# lightest chain breaker?



## BikeShopMonkey (Nov 18, 2010)

needing to cut weight from my endurance bike seat pack. 

which are the lightest in weigh(grams) that are out?

thx


----------



## marpilli (Feb 8, 2011)

Stand-alone chain breaker? Or, integrated compact tool? 

I received a Topeak Mini 20 Pro (150g) for Christmas and have used the chain beaker twice and really like it. I have several Topeak products and have been really (really) happy with their customer service when it was required.


----------



## gmats (Apr 15, 2005)

Aloha,

Here's what I found a few years back.


----------



## mtnbiker72 (Jan 22, 2007)

For a multi-tool with chain breaker, check out the Lenzyne SV-10...101g complete


----------



## BikeShopMonkey (Nov 18, 2010)

just the chain breaker alone pls


----------



## gmcttr (Oct 7, 2006)

I use the Park CT-5 at 77gr.

Packs easy, works great.


----------



## teamdicky (Jan 12, 2004)

I stole this from an old Topeak Alien:










I did have to stick a bolt in it, so I had something to hold onto.

Fits nice in my kit, although I've never had to use it.


----------



## sgltrak (Feb 19, 2005)

I've been carrying this Chain Pup in my saddlebag for over 20 years. Don't know if you can even find these any more. If I remember correctly, it was created by Wilderness Trail Bikes and then licensed to Finish Line. I have used it dozens of times on the trail.

Total weight is 30g, but if you have a 4mm hex wrench (to turn pin removal screw) in your tool kit already, the Chain Pup chain breaker portion alone is only 14g. The second piece has a 4-5-6mm hex wrench and 2 sizes of spoke wrenches.


----------



## trhoppe (Sep 3, 2008)

Might look at this guy from Performance. Going to be hard to beat 138g for all that you get. You can always pull the chain tool off if you need to. It's what I carry in my Awesome Strap along with a tube.

Spin Doctor Rescue 16 Multi-Tool - Take Along Tools / Multi-tools

-Tom


----------



## jacquie phelan (Oct 1, 2009)

*I used to wear my Chainpup (invented by husb) as earrings to show off that lightness!*



sgltrak said:


> I've been carrying this Chain Pup in my saddlebag for over 20 years. Don't know if you can even find these any more. If I remember correctly, it was created by Wilderness Trail Bikes and then licensed to Finish Line. I have used it dozens of times on the trail.
> 
> Total weight is 30g, but if you have a 4mm hex wrench (to turn pin removal screw) in your tool kit already, the Chain Pup chain breaker portion alone is only 14g. The second piece has a 4-5-6mm hex wrench and 2 sizes of spoke wrenches.


========
yeah, I see stuff in web about how WTB 'invented' this cute thing 
Charlie's a nut about weight (he weighs less than me)...his Pup ended up detonating a rash of Not Quite As Light stuff, beginning with the "CPR" and the "Cooltool" which made THEIR makers a cool fortune. Charlie got...as usual....squat for his contribution.


----------



## Sconnie391 (Oct 3, 2013)

9.4 grams and only $3.50 










This is a "CNC transmitter bracket" from ebay. The screw that comes with it is a bit short, so you'll want to find something a few mm longer. Then just grind off the threads and make a point or rounded tip.

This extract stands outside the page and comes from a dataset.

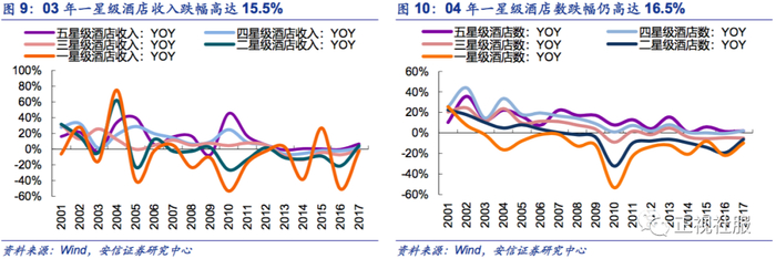 复牌03年非典和08年金融危机,酒店行业在下行期过后的1年中均呈现出低端单体出清,大型连锁酒店市占率加速提升的趋势。一二星级酒店多为单体酒店下,在酒店行业进入下行期是酒店业主资金的周转能力也更差(品牌酒店的营业数据更好,银行抵押贷款上具备一定优势,且部分大型连锁品牌酒店在危机时会提供现金贷款,帮加盟业主度过现金流危机),复盘03年非典和08年金融危机过后,其后的1~2年均可以看到会有大批量的低星级单体酒店出清:2004年一星级酒店数量同比大幅减少16.5%,四五星级酒店同比增多22%和34%;2009年一星级酒店数量同比减少12.0%,四五星级酒店则同比增多17%和9%。

Note: only grind off enough threads to just reach through the chain. The more you grind off, the less engagement you will get in the body. With ~6mm ground off, I had 8 full threads of engagement (should be plenty). You could also drill and tap a larger screw if your worried about the size.


----------



## thegallery (Jul 27, 2005)

Sconnie391 said:


> 9.4 grams and only $3.50
> 
> 
> 
> ...


Hey Sconnie I can't see the photo. Can you point to a couple of items on ebay or maybe expand on it some more? I'm intrigued but just not sure what you're doing?


----------



## Sconnie391 (Oct 3, 2013)

Yeah, can't get a link from google photo's to work... I know the ebay links disappear fast, this might stick around a while:

https://www.aliexpress.com/item/201.../2054352010.html?spm=2114.40010708.4.6.mikefX

The only thing you need is the piece that looks like half of a hinge. One side is threaded, the other side has a larger clearance hole.


----------



## Cleared2land (Aug 31, 2012)

*Here's his photo...*


----------



## life behind bars (May 24, 2014)

Not the lightest but considering the whole.....

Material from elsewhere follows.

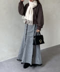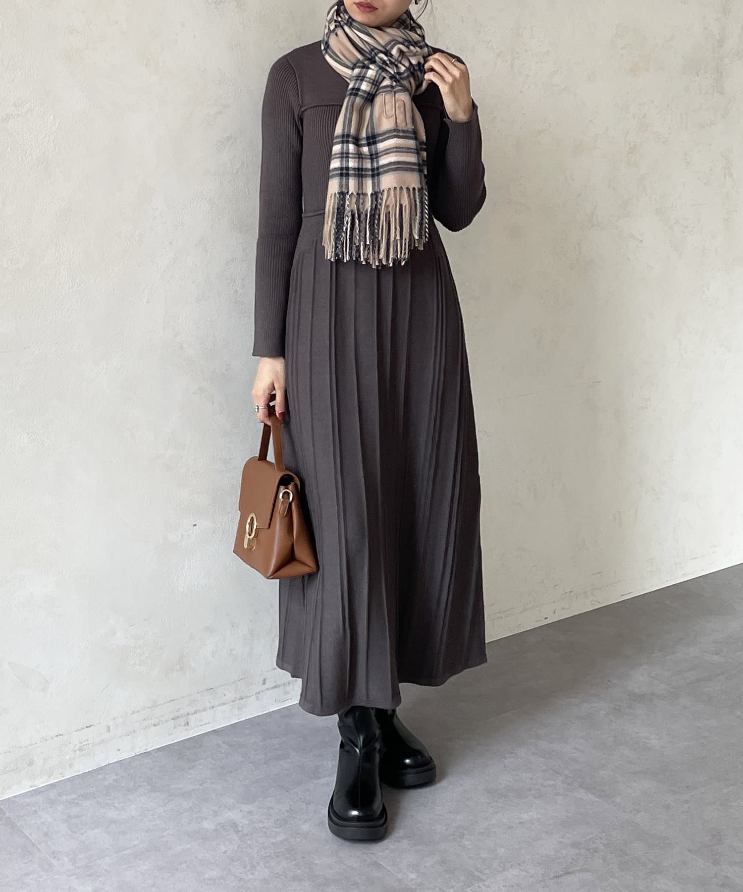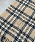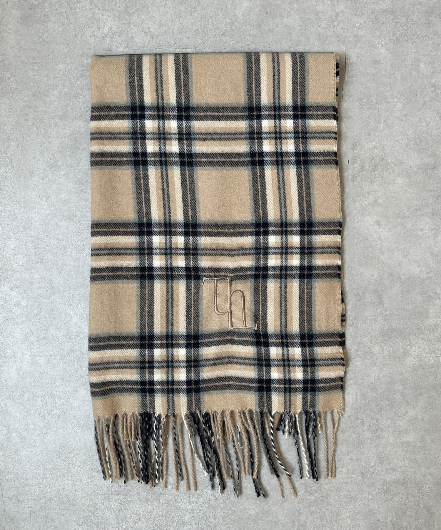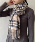 チェック柄など、コーデのワンポイントとしてカラーのストールを合わせるのも◎

https://www.google.com/url?sa=t&rct...hstix/&usg=AFQjCNG-IOyCk9uQ9UbQO0Xj8Phrl2IgbA


----------



## BlueCheesehead (Jul 17, 2010)

Cleared2land said:


> View attachment 1139111


I tried one of those. It failed. Aluminum bent before the pin came out.


----------



## Sconnie391 (Oct 3, 2013)

BlueCheesehead said:


> I tried one of those. It failed. Aluminum bent before the pin came out.


Bummer man, sorry.

I used mine on a KMC X10SL. Just tested it once, but it worked.


----------



## BlueCheesehead (Jul 17, 2010)

Sconnie391 said:


> Bummer man, sorry.
> 
> I used mine on a KMC X10SL. Just tested it once, but it worked.


No worries. I found that Green Mountain Bikes in Vermont has some new, old stock Chain Pups. For $10/ea, I ordered two.  I had to call to order. Super nice guy.


----------